But once they've gone through that effort, Brett, then you need to make sure that you stick to your side of the bargain and that they can actually use this application. So, yeah, that's the most challenging thing for me is the GUI, the the UX of it all. So for somebody who does want to get started with using contextualize,
[00:46:07] Unknown:
what are their options for being able to actually set it up and get things up and running and start documenting their knowledge and building these topic maps? Okay. So obviously,
[00:46:17] Unknown:
with it being an open source project, first of all, contextualize is available online. You can go to contextualize.dev, and you can sign up, and you can start using it. It's it's free. I'm not going to start even thinking about charging for it. I want people to use it. It is available on GitHub. So you you can obviously clone the repository and try to set it up.

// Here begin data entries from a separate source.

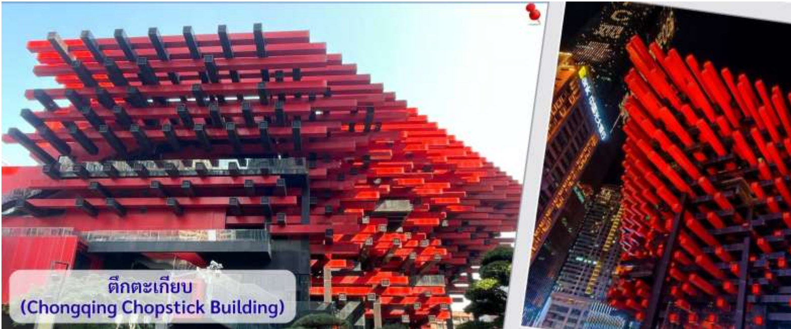
ตึกตะเกียบ (Chongqing Chopstick Building)

จากนั้นอิสระถ่ายรูปหน้า ตึกตะเกียบ ฉงชิ่ง(ด้านนอก) คือ ฉงชิ่งกั๋วไถอาร์ทเซ็นเตอร์ (Chongqing Guotai Arts Center) เป็นแลนด์มาร์กสำคัญที่มีสถาปัตยกรรมคล้ายตะเกียบยักษ์สีแดงและดำวางซ้อนกัน เป็นศูนย์จัดแสดงงานศิลปะและสถานที่ท่องเที่ยวที่นิยมสำหรับการถ่ายรูป โดยเฉพาะในเวลาากลางคืนเมื่อเปิดไฟสวยงาม สิ่งก่อสร้างอันมีเอกลักษณ์ อาคารนี้ถูกวางโครงสร้างให้มีรูปร่างคล้ายกอง "ตะเกียบยักษ์" สีดำและแดงที่วางซ้อนกันเป็นชั้นๆ ที่ส่วนปลายของตะเกียบสีแดงจะมีตัวอักษรจีนคำว่า "กั๋ว" ประทับอยู่ ซึ่งมีความหมายถึง ชาติหรือประเทศ ส่วนที่ปลายตะเกียบสีดำ จะมีอักษรจีนคำว่า "ไถ" ประทับอยู่ ซึ่งหมายถึง ความเจียบสงบ หรือความอุดมสมบูรณ์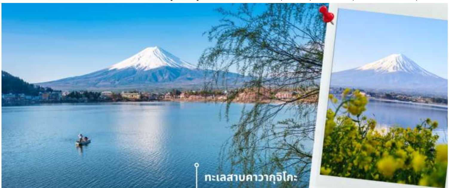
ทะเลสาบคาวากูจิโกะ

หลังรับประทานอาหารเช้า นำท่านแวะชม พิพิธภัณฑสถานแผ่นดินไหว เป็นพิพิธภัณฑสถานี่แสดงถึงผลกระทบจากภัยพิบัติแผ่นดินไหวและการระเบิดของภูเขาไฟ ภายในพิพิธภัณฑสถานี่มีห้องจัดแสดงข้อมูลการประทุของภูเขาไฟจากทุกมุมโลก โซนความรู้ต่างๆและโซนข้อปั้งสินค้าญี่ปุ่นอาทิเช่น ผลิตภัณฑ์เครื่องสำอางและของฝากอีกมากมาย พอสมควรแก่เวลานำท่านเดินทางสู่ ทะเลสาบคาวากูจิโกะ (Lake Kawaguchiko) ในจังหวัดยามานาชิ แหล่งท่องเที่ยวที่อยู่ไม่ไกลจากโตเกียว (Tokyo) หนึ่งในที่ที่เยวญี่ปุ่นยอดฮิตตลอดกาล ทะเลสาบที่กว้างใหญ่เป็นอันดับ 2 ของ 5 ทะเลสาบรอบภูเขาไฟฟูจิ อยู่บริเวณเชิงภูเขาไฟ ความสูงกว่าระดับน้ำทะเลประมาณ 800 เมตร ทำให้สภาพอากาศบริเวณนี้เย็นสบายตลอดปี รายล้อมไปด้วยธรรมชาติที่อุดมสมบูรณ์ และทิวทัศน์สวยงามตลอดปี ในช่วงเวลาที่พลาดไม่ได้เลยที่จะได้ชื่นชมดอกซากุระบาน คือในช่วงปลายเดือนมีนาคมจนถึงต้นเดือนเมษายน จะบานสะพรั่งสวยงามเรียงรายริมทะเลสาบ สามารถชมวิวดูทั้งทะเลสาบและภูเขาไฟฟูจิได้อย่างชัดเจน นับเป็นจุดชมซากุระยอดฮิตที่สุดอีกแห่งหนึ่งในญี่ปุ่น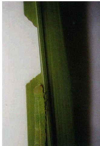
写真 5 階段状の食害痕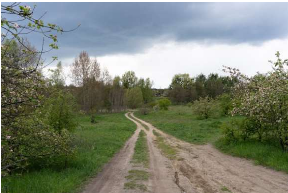
Rysunek 8. Przykład stanu terenu zielonego Dolinki Miłości.

Źródło: materiały z wizji lokalnej przeprowadzonej w dniu 24.04.2024 r.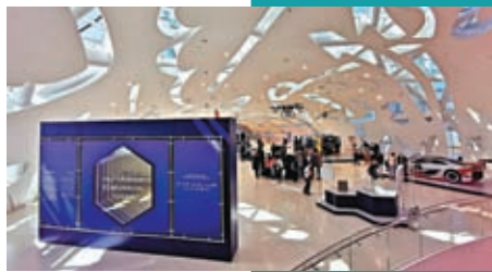
離開「Journey to the future」後，便到「Tomorrow Today」展區。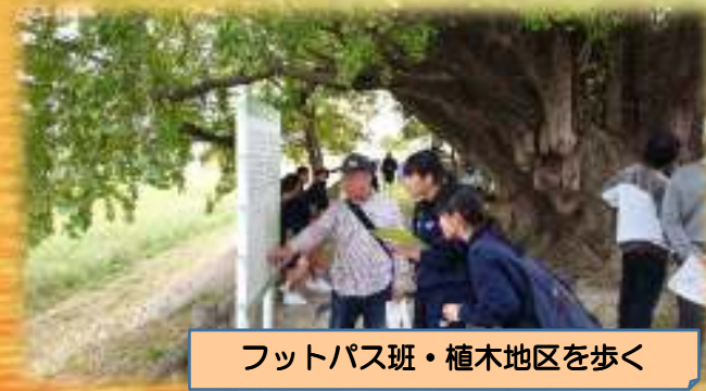
フットパス班・植木地区を歩く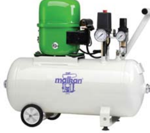
SKA SESSİZ HAVA KOMPRESÖRÜ SILENT AIR COMPRESSOR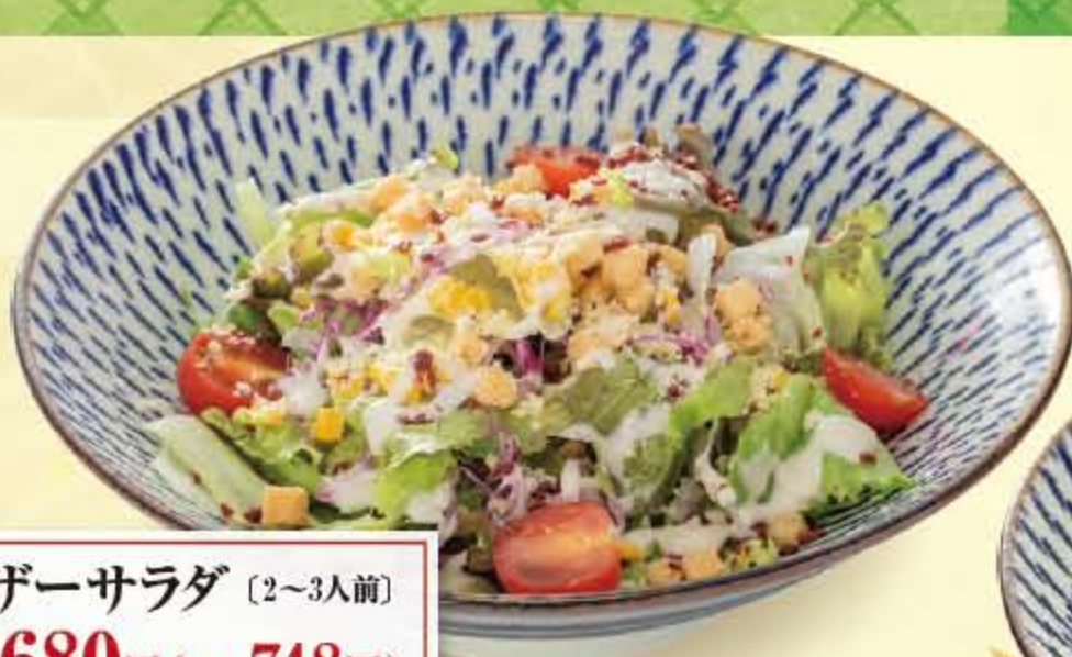
シーザーサラダ (2~3人前) ..... 680円 (税込 748円 )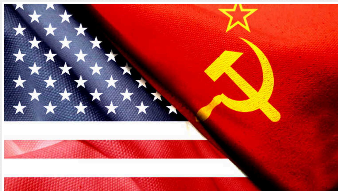
Сполучені Штати без розгляду депортуватимуть мігрантів із 6 країн колишнього СРСР

Це стосується Грузії, Молдови, Киргизії, Росії, Таджикистану та Узбекистану.

It's not the most straightforward application to set up, specifically if you're not on a Linux machine, because 1 of the dependencies specifically for PostgreSQL, you actually have to have, a c compiler and the appropriate header files and So it's it's specifically for people that are not on Linux.
So it's it's specifically for people that are not on Linux. It's it's quite a difficult thing to set up. We have, and I've I'm very thankful for people that have contributed to this because I my knowledge of Docker is is quite limited. Contextualize is also available. There's a Docker image for contextualize. So you you can actually set it up and have a Docker container up and running and and use contextualize just like that. Once you actually have the application up and running, then it's about, how do I go about actually getting some value out of this application? There's there's lots of ways. I mean, there there really are lots of ways. It depends on the audience. It depends on what what you want from this. For example, I use contextualize or topic map systems in general. I could set up a topic map and the person or the people, the audience that is going to be consuming or interacting with that topic map, they they are doing that in a, not necessarily from a creation side of things, but more from a consumption side of things. They're going to be navigating this map a lot. So contextualize also has this concept of what I'm calling knowledge path. So you can you can create specific associations of type navigation between topics And contextualize will render out specific, navigational, GUIs to easily allow you to then traverse this kind of topic map. So if the if if topic map is more for navigation, then you will set it it up 1 way. If the topic map is more for you as a person to say, okay, I have this knowledge domain. I want to actually document this knowledge domain, and I'm going to be reusing and extending this dollar this knowledge domain, then you would potentially take another approach.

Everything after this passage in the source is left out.